Records provided below:

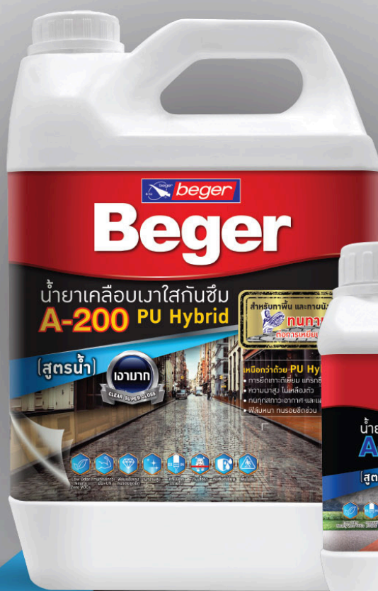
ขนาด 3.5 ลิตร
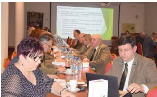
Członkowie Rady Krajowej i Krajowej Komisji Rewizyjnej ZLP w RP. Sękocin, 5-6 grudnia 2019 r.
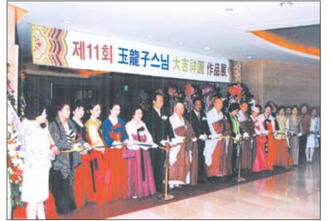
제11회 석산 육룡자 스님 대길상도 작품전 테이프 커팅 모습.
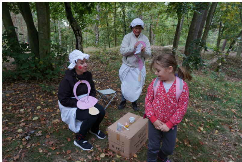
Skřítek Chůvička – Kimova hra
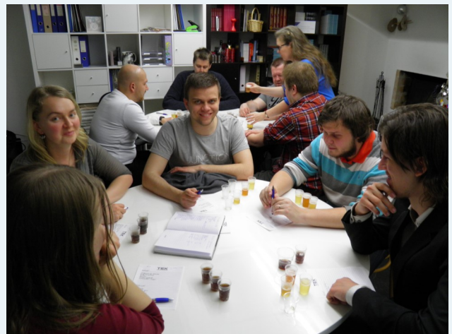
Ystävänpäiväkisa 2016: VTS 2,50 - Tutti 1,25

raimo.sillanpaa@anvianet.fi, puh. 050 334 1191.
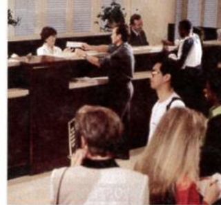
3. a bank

End of Records provided.
Records provided below:

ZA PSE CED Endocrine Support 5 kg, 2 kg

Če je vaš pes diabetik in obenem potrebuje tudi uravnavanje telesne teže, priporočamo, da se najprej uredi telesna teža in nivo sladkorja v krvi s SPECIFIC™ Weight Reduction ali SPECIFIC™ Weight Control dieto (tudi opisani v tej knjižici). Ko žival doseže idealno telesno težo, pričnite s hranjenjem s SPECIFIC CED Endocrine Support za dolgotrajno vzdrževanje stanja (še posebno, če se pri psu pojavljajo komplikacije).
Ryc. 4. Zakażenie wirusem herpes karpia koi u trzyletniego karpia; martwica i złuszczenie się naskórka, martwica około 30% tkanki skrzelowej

End of Records provided.
Records provided below:

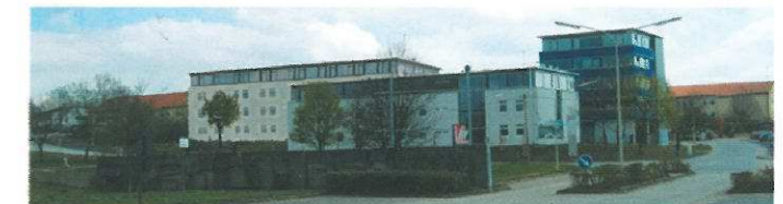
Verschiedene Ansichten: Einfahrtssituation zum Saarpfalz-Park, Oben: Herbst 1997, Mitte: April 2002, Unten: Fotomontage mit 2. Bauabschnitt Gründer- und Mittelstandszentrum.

End of Records provided.

» What the task asks: Which lines hold the word "Endocrine"? Return all of them from the records above.

» Finished task:
ZA PSE CED Endocrine Support 5 kg, 2 kg
Če je vaš pes diabetik in obenem potrebuje tudi uravnavanje telesne teže, priporočamo, da se najprej uredi telesna teža in nivo sladkorja v krvi s SPECIFIC™ Weight Reduction ali SPECIFIC™ Weight Control dieto (tudi opisani v tej knjižici). Ko žival doseže idealno telesno težo, pričnite s hranjenjem s SPECIFIC CED Endocrine Support za dolgotrajno vzdrževanje stanja (še posebno, če se pri psu pojavljajo komplikacije).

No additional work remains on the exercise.